RNA extraction and qRT-PCR
Total RNA was extracted from cells or tissues using RNAsimple Total RNA kit (Tiangen, China) followed by reverse transcription into cDNA using Reverse Transcription Kit (Takara, China). The relative expression of target genes was examined by real-time PCR using a two-step real-time RT-PCR kit (Takaka, Japan) with the program: 95 °C for 30 s followed by 40 cycles of 95 °C for 5 s, 60 °C for 34 s. RPL19 was used as the control. Primers are listed in Table 1.

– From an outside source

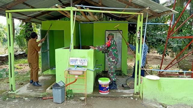 Selesai – Babinsa Koramil 02/Selesai kodim 0203/Langkat Serda Purwanto bersama Apartat Desa dan warga melaksanakan kegiatan Gotong Royong membersihkan dan pengecetan WC Musholla merupakan bentuk kepedulian Babinsa di Dusun Payaluas Desa Selayang Kec Selesai Kabupaten Langkat, Senin ( 6/09/2021).

Examination of KIT expression by flow cytometry
Ba/F3 cells were washed with PBS and incubated with PE-conjugated anti-KIT antibody in the dark at room temperature for 30 min, after washing with PBS, the cells were re-suspended in PBS, and KIT expression was analyzed by flow cytometry.
Animal experiments
Animal experiments were approved by the Ethics Committee of Ningxia Medical University. All mice were housed in a temperature-controlled room on a normal 12-h light–dark cycle with ad libitum access to food and water. C57BL/6N mice carrying germline KIT/V558A mutation were established by Cyagen Biosciences using CRISPR/Cas9-mediated genome engineering. Cas9 mRNA, gRNAs (AGTACAATGGAAGGTTGTCGAGG, CTTCCATTGTACTTCATACATGG, AGTACAATGGAAGGTTGTCGAGG), and donor oligo with V558A (GTT to GCC) mutation were generated by in vitro transcription and co-injected into fertilized eggs. After birth, the genotypes of the mice were examined, and KITV558A/WT mice were crossed with wild-type C57BL/6N mice to establish stable KITV558A/WT mice. KIT V558A/WT mice of 8-week-old were intraperitoneally injected with lentivirus expressing SPRY siRNA (3 days before imatinib treatment, twice a week, 3 days apart, each time 5 nmol), and/or treated with Imatinib at a dose of 50 mg/kg by intra-gastric administration daily. After treatment for 8 days, tumor sizes and volumes were measured, and tumor tissues were further analyzed by western blot or qRT-PCR.
Statistical analysis
Results were expressed as mean ± standard deviation of three independent experiments. Graphpad was used for statistical analysis. Multiple comparisons were analyzed by one-way ANOVA, and comparisons between two groups were analyzed by the t test, p < 0.05 is considered as significant.
Results
SPRY4 inhibits the expression of both wild-type KIT and primary KIT mutants in GISTs
SPRY4 is known to be highly expressed in GISTs [17]. In this study, we treated GISTs cell GIST-T1, which carries endogenous primary KIT mutant, with KIT inhibitor imatinib, which is used as the first-line targeted therapy of GISTs, or knocked-down KIT expression by siRNA transfection. We observed that both imatinib treatment and KIT siRNA transfection inhibited both mRNA and protein expression of SPRY4 (Fig. 1A, B), indicating that KIT increased the expression of SPRY4, which is in agreement with previous report [20]. We further investigated the possible regulation of SPRY4 on KIT and its downstream signaling by establishing Ba/F3 cells stably expressing frequently occurred primary KIT mutants W557K558del or V560D in GISTs with or without SPRY4. Flow cytometry examination showed that the expression of KIT mutants in Ba/F3 cells was decreased in the presence of SPRY4, suggesting that SPRY4 can inhibit the expression of primary KIT mutants. Similarly, the expression of wild-type KIT was also inhibited by SPRY4 (Fig. 1C). To confirm this observation, we knocked down SPRY4 expression in GIST-T1 cells, and observed that KIT protein expression was increased, while KIT mRNA levels were unchanged (Fig. 1D), suggesting that SPRY4 can inhibit KIT expression at the protein level but not the mRNA level. Since KIT can increase SPRY4 expression, SPRY4 may serve as a negative feedback regulator of KIT in GISTs.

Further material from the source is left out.